* _Directions_
After locating "- Chương trình" in the listing below, copy that line and each one after it exactly, ending with the line that has "tops & camis,tops,winter,winter hues,women".

* _Recorded information_
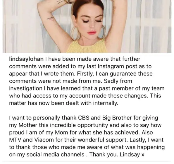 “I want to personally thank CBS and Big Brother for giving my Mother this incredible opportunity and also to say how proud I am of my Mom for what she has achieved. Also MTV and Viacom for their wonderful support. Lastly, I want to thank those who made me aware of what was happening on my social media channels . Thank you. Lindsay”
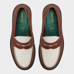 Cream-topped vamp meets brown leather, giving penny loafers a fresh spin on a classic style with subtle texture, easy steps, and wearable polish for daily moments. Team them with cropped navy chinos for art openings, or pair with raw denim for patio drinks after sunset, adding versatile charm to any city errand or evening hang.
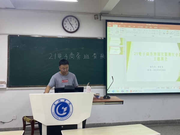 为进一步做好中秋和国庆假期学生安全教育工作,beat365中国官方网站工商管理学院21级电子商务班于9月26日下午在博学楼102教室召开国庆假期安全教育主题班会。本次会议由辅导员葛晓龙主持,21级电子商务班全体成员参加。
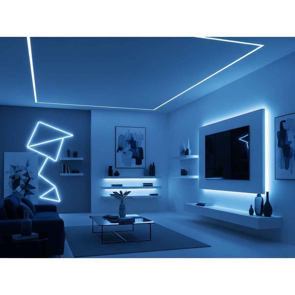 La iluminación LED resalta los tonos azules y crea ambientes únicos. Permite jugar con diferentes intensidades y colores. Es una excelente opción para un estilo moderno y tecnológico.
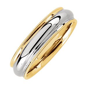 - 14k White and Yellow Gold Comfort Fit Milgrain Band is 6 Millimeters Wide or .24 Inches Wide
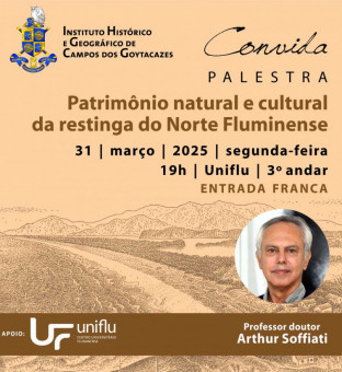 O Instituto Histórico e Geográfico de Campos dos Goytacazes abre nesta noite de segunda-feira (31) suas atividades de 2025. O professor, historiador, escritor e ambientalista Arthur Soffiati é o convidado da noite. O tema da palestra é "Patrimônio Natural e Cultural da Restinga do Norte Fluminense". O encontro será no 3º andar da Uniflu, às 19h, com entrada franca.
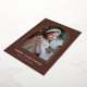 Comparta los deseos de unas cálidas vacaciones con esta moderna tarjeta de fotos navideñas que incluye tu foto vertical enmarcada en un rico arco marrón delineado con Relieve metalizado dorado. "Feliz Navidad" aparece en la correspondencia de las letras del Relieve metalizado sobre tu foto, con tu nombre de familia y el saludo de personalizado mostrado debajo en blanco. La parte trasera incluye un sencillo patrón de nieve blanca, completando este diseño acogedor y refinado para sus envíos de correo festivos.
* * *
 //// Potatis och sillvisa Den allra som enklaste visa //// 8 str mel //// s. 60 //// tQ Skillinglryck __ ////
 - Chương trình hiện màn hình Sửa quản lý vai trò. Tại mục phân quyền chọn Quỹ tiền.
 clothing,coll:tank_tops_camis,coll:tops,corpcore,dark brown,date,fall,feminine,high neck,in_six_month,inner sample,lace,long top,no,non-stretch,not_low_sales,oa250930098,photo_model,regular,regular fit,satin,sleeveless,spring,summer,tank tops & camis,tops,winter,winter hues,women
...
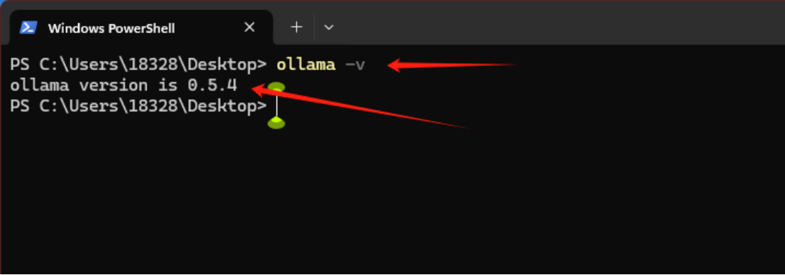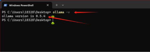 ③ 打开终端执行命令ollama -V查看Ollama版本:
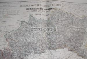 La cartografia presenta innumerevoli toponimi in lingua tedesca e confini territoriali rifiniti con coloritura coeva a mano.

* _Result_
 - Chương trình hiện màn hình Sửa quản lý vai trò. Tại mục phân quyền chọn Quỹ tiền.
 clothing,coll:tank_tops_camis,coll:tops,corpcore,dark brown,date,fall,feminine,high neck,in_six_month,inner sample,lace,long top,no,non-stretch,not_low_sales,oa250930098,photo_model,regular,regular fit,satin,sleeveless,spring,summer,tank tops & camis,tops,winter,winter hues,women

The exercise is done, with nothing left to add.